What is a Threshold?
This is the level at which your dog can no longer stay calm or focused on you with that object, person, animal or environment. She will show a few signs of stress (positive or negative) such as taking treats harder than usual (but can eat), ears forward and listening to object, eyes open wide and looking at the object -but can still be redirected by a cue or sound that you make. She should also be able to complete simple task such as sit, stand, down and nose targeting your hand. You want to start with your dog under threshold and keep her there as she learns to deal with distractions. Going above the threshold causes the training process to take longer.
The most effective trainers use a slow carefully thought out 4 step process.
1.Desensitize your dog to the triggers,
2. Counter condition her to them (changing how she feels about it) and
3. Train her to interact appropriately with them while giving you eye contact
4. Respond to your cues to do behaviors and tasks while in the presence of the distraction(s) then defer back to you.
All four are techniques that work best in combination for service dogs.
With some dogs, you can progress very quickly through a planned distraction. With others, you may need to spend much time at each step of a slight increase of distraction. It all depends on how much value you dog put on that particular distraction, or the combination of distractions.
You must remember that a distraction is not only something that captures your dog’s attention and draws her focus away from you, the distraction may also cause stress (anxiety, fear, excitement) in your dog. You must work through the emotional response first, (using desensitization and/or counter conditioning) before your dog can offer her attention to you.
In the first stages of training anything new, give your dog a chance to improve.
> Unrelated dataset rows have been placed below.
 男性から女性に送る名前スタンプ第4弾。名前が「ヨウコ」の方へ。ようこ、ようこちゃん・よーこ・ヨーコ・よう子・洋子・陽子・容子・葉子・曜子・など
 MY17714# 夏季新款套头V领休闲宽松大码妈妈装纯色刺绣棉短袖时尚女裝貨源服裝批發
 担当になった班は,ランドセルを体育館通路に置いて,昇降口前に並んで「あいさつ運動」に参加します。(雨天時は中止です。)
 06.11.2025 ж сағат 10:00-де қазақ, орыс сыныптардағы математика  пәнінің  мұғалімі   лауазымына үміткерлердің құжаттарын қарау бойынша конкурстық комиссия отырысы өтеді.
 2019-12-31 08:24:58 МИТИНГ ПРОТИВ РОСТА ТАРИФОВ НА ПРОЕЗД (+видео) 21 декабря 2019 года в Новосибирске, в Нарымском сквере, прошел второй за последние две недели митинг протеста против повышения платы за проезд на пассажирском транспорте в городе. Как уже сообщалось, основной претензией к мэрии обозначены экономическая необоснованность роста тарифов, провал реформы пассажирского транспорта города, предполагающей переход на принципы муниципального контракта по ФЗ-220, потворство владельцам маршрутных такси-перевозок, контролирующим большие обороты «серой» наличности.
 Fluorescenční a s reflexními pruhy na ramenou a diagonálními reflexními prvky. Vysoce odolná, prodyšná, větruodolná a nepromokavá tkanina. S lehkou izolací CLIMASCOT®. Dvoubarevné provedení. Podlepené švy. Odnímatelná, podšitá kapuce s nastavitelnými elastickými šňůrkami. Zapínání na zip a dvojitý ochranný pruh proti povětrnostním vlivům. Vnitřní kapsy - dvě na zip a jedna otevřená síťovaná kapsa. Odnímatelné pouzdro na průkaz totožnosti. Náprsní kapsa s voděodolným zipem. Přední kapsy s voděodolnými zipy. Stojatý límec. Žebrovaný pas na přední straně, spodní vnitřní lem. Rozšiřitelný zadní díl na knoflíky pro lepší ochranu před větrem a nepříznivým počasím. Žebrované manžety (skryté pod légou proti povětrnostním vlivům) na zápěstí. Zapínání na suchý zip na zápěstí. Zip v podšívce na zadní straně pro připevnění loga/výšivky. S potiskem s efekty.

If he starts at about a 30% success rate, he should quickly progress to 80% success. If his success rate is lower than that to start, or he doesn’t progress rapidly, you’ll have to break each step into smaller steps he can achieve. The same as with task training, it is the trainer’s job to help the dog succeed.
The rule of 4 comes in handy here. If your dog is not successful, break that step into 2 smaller pieces and then each of those into 2 smaller pieces. Once your dog has achieved 80%, it’s time to increase the criteria. Remember that several short sessions are better than one long one. Give him play breaks, crate him, or take him out of the stressful environment if you plan to be there for a longer period- for example if you must drive a distance and want to make your time at the location worthwhile. Don’t forget, it takes a lot for you to focus as well, so you need a break from your dog too!
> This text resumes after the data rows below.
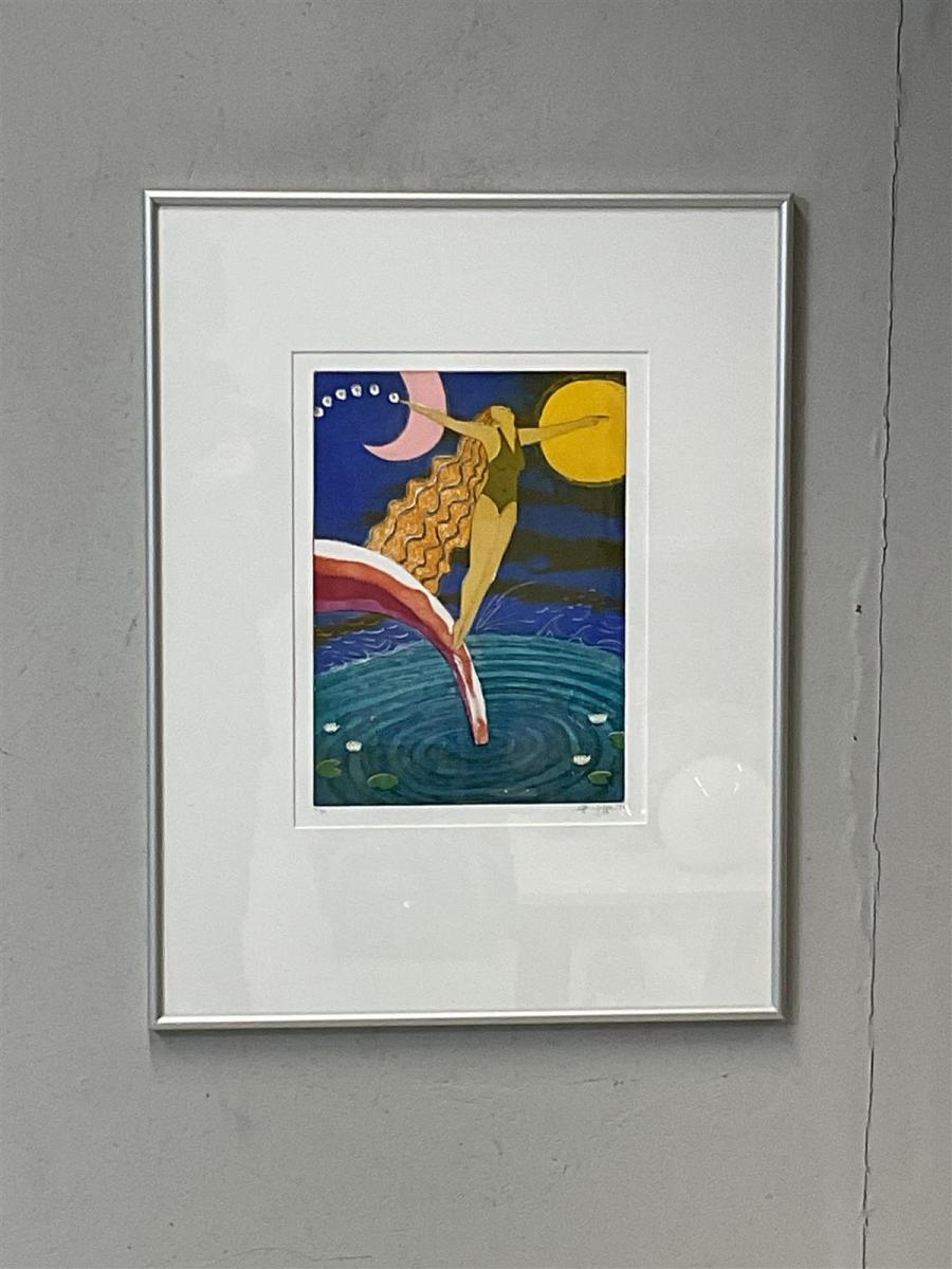 Taioteilija Hanna Variksen teos ”Hyppy tulevaisuuteen” etsaus 1997. Numeroitu vedos 41/50.
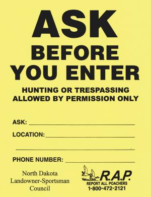 "It's more of a positive sign," says Doug Howie, assistant private lands coordinator with the North Dakota Game and Fish Department. "Many landowners say they just want to know who's out there and maybe tell hunters where not to go on their property."
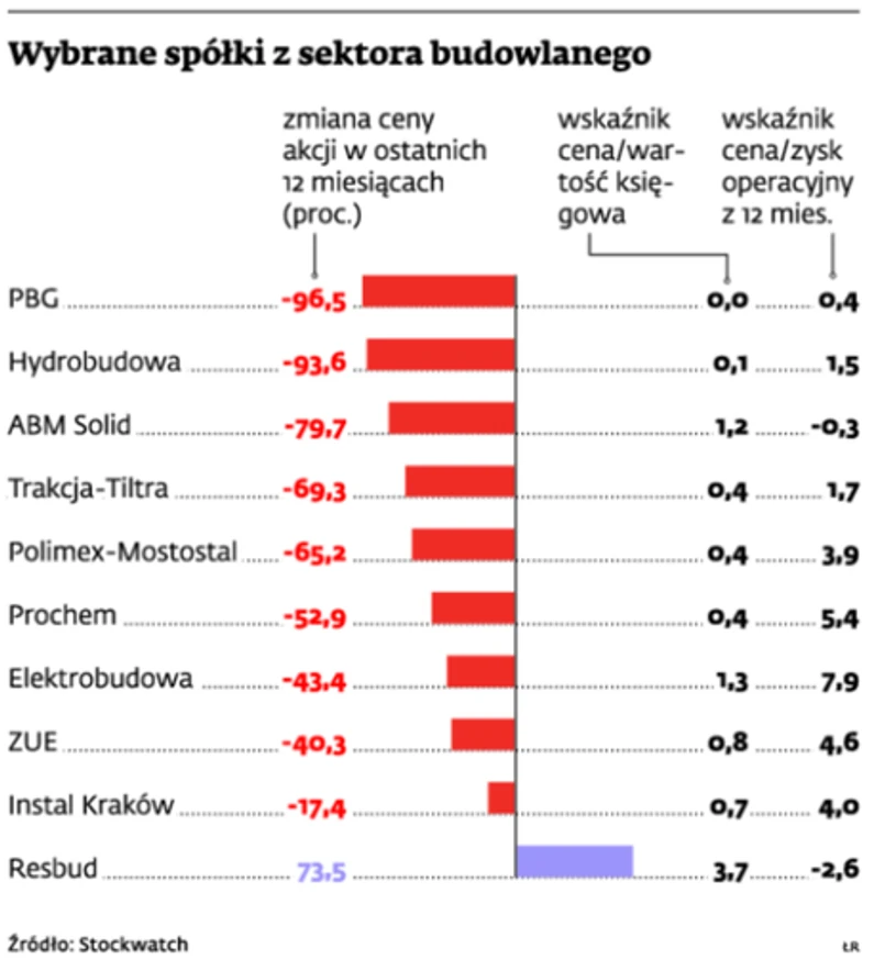 - Wyceny spółek budowlanych są rekordowo niskie, przy czym zdecydowanie tańsze i bezpieczeniejsze są małe i średnie spółki, nie zaangażowane w realizację projektów infrastrukturalnych – mówi Maciej Stokłosa, analityk DI BRE.
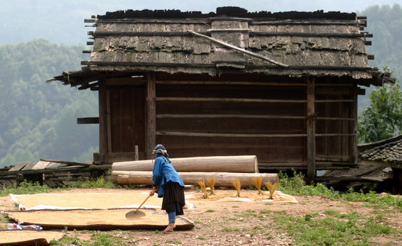 Grains, wooden houses and colourful minority costume make up the landscape of Miao villages.
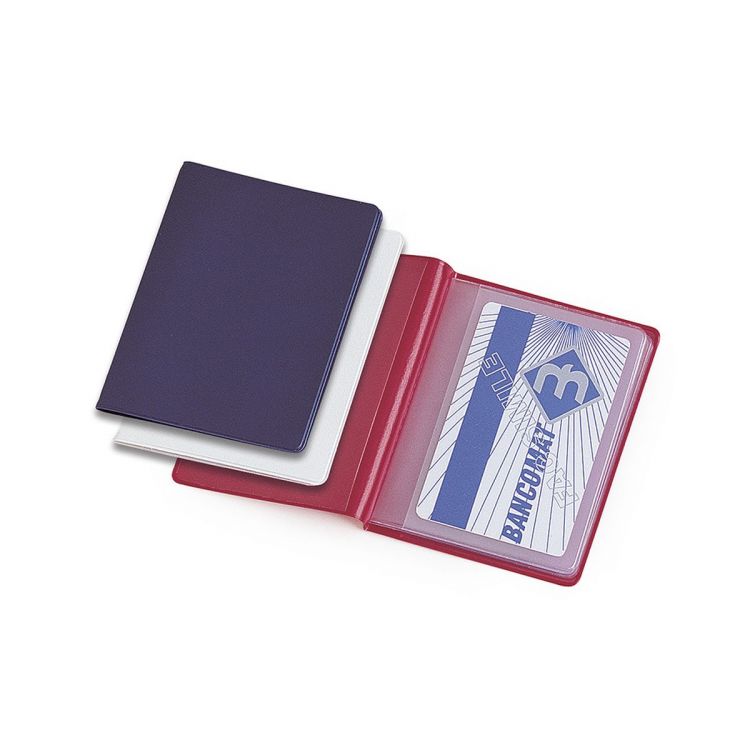 double sided card holder made of leatherette with two inner pockets with side opening for inserting cards. Inside 6 transparent envelopes with side opening welded on the edge.

When your dog can calmly focus on you and do some simple behaviors (nose touch, sit, a cued glance, etc) for you with the distractions nearby, it is time to move on to asking for a progression of more complex service-oriented tasks. Work towards his returning his attention to you after each task. The click or mark and reward will help with that, but by intermittently rewarding for eye contact, you can have a dog that is attending to you.
General Rules of Distraction Training:
A. Set your dog up for success! The key idea here is that the increments of change must be small enough that your dog can take them in stride. This is called working under threshold. If your dog starts to become distracted and I unable to complete the behavior or task you cued, you have raised the criteria too fast for her needs. That is an example of working above threshold.
B. Remember to use high value rewards when adding a high value distraction or one that she has never trained with before successfully.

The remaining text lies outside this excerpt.